Trotz aller Hürden und Schwierigkeiten hat aber diese Generation, die längst eine Würdigung und Anerkennung verdient hat, etwas Großartiges geschafft, auf dessen Grundlage die Nachkommengenerationen aufbauen.


Es sind mittlerweile drei Generationen, die durch Vielfalt und Heterogenität gekennzeichnet sind.


Diese Vielfalt stellen wir schon bei der ersten Folgegeneration fest


– bei den Gastarbeiterkindern, die unterschiedliche Biographieverläufe haben.


 


Es sind „Kofferkinder“, die in den 70er und 80er Jahren von ihren Eltern in das Herkunftsland geschickt, später wieder zurück geholt sind.


 


Es sind Nachzügler, die als kleines Kind hierher kamen.


 


Und es sind die ersten, die die Welt in Deutschland erblickt haben.


 


 


Heute sind sie Akademiker,


Selbständige,


Facharbeiter,


Arbeitslose


und Hartz IV-Empfänger.


 


Sie gehören zu den Aufsteigern der letzten Jahrzehnten,


 


Und sie gehören aber auch zu den Verlieren, die den Anschluss verpasst haben.


 


Die Religion und die Tradition spielt in ihrem Alltag eine zum Teil besonders wichtige Rolle;


Es gibt aber auch viele unter ihnen, in deren Alltag diese Elemente kaum einen nennenswerten Platz haben.


 


Es gibt unter diesen Menschen immer noch welche, die sich weiterhin zerrissen fühlen und in diesem Lande kein Zuhause-Gefühl entwickelt haben.


Gleichzeitig begegnen wir nicht selten vielen, die längst in Deutschland angekommen sind.


Deutschland ist längst ihre Heimat geworden.


 


Wir stellen immer wieder fest:


Viele von diesen Menschen sprechen ein schlechtes oder unzureichendes Deutsch.

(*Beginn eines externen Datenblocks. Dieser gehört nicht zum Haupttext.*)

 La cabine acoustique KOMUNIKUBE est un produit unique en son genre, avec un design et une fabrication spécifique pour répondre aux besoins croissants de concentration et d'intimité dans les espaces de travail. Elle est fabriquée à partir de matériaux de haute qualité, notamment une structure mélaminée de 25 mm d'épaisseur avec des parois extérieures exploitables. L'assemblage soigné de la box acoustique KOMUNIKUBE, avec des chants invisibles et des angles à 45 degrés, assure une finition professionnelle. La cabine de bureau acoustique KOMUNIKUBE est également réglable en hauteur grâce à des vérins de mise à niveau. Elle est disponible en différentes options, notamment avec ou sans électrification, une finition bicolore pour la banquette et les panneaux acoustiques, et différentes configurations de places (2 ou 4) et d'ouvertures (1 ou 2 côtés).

Wir stellen aber auch fest: viele beherrschen diese Sprache hervorragend.


 


 


Kurz:


es gibt eine große Vielfalt unter den Nachfolgegenerationen,


und ich bin fest davon überzeugt, dass diese Vielfalt und Heterogenität in den kommenden Jahren zuständig zunehmen wird.

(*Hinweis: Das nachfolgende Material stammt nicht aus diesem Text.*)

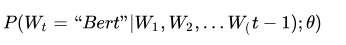 上面是闲话,闲言碎语不要讲,我们回来讲一讲NNLM的思路。先说训练过程,现在看其实很简单,见过RNN、LSTM、CNN后的你们回头再看这个网络甚至显得有些简陋。学习任务是输入某个句中单词 Wt = "Bert" 前面句子的t-1个单词,要求网络正确预测单词Bert,即最大化:
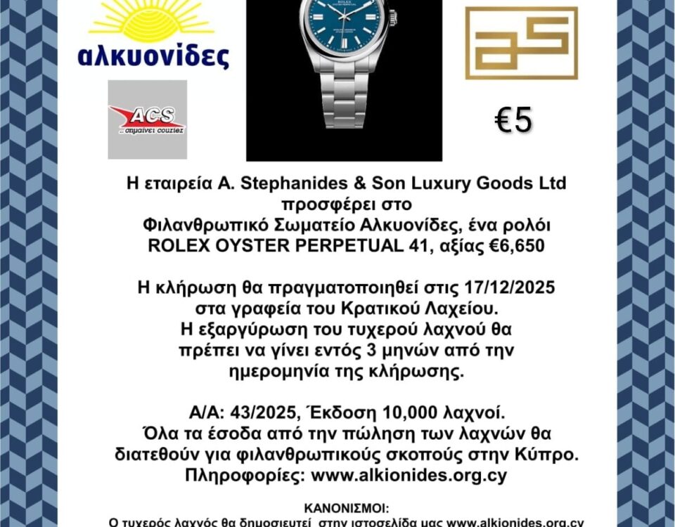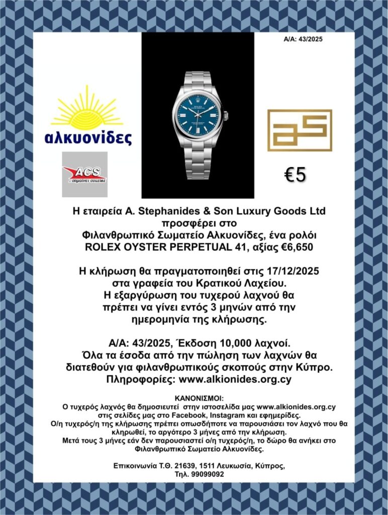 Η κλήρωση θα πραγματοποιηθεί στις 17/12/2024 στα γραφεία του Κρατικού Λαχείου
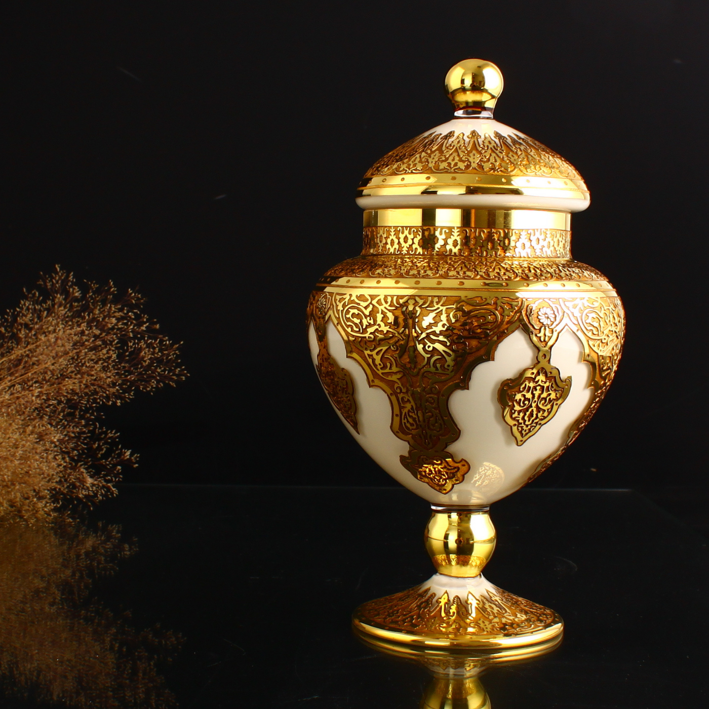 Bu ürün cam malzemeden üretilmiş olup altın detaylı dekoratif işçilikle zenginleştirilmiştir.

Eine vertiefte Differenzierung, sei es im Alltag, sei es in Erfolgsnuancen, wird weiter vonstatten gehen wird.


 


Diese Vielfalt ist das Ergebnis dieser 50jährigen Geschichte.


 


Sie ist längst die gelebte Gestalt in der Gegenwart.


 


Ich muss aber auch sagen, dass diese realexistierende Vielfalt


bei den Debatten wenig Beachtung findet.


Gerade die Sarrazin-Debatte ist ein Paradebeispiel dafür.


 


Natürlich müssen wir über vorhandene Probleme und Schwierigkeiten sprechen, von denen es viele gibt;


Und natürlich müssen wir an gezielten Lösungsansätzen arbeiten.


 


Wir sollten uns aber auch die historische Tatsache, wie und unter welchen Voraussetzungen diese Geschichte begann, immer wieder ins Gedächtnis rufen


 und sie uns vergegenwärtigen.


 


Erst ein solcher Vergleich zwischen dem Damals und dem Heute


macht uns das Geleistete und das Erreichte deutlich.


 


Und nicht zuletzt müssen wir,


um eine bessere Zukunft und gelungenes Miteinander zu schaffen,


konstruktive Beiträge wie die von Armin Laschet mehr würdigen


und ihnen als Denkanstöße mehr Aufmerksamkeit schenken.


 


 


In diesem Sinne bin ich überzeugt, dass die heutige Tagung 


das bis jetzt Geleistete würdigen


und die vorhandenen Probleme ernst angehen


und wertvolle Lösungsansätze entwickeln wird.


 


Denn unser gemeinsames Ziel ist ein Beitrag für eine gemeinsame Zukunft.


 


Ich danke allen Beteiligten für die Organisation


sowie allen heute anwesenden Teilnehmern


 und wünsche uns einen produktiven Austausch.


 


Vielen Dank für Ihre Aufmerksamkeit.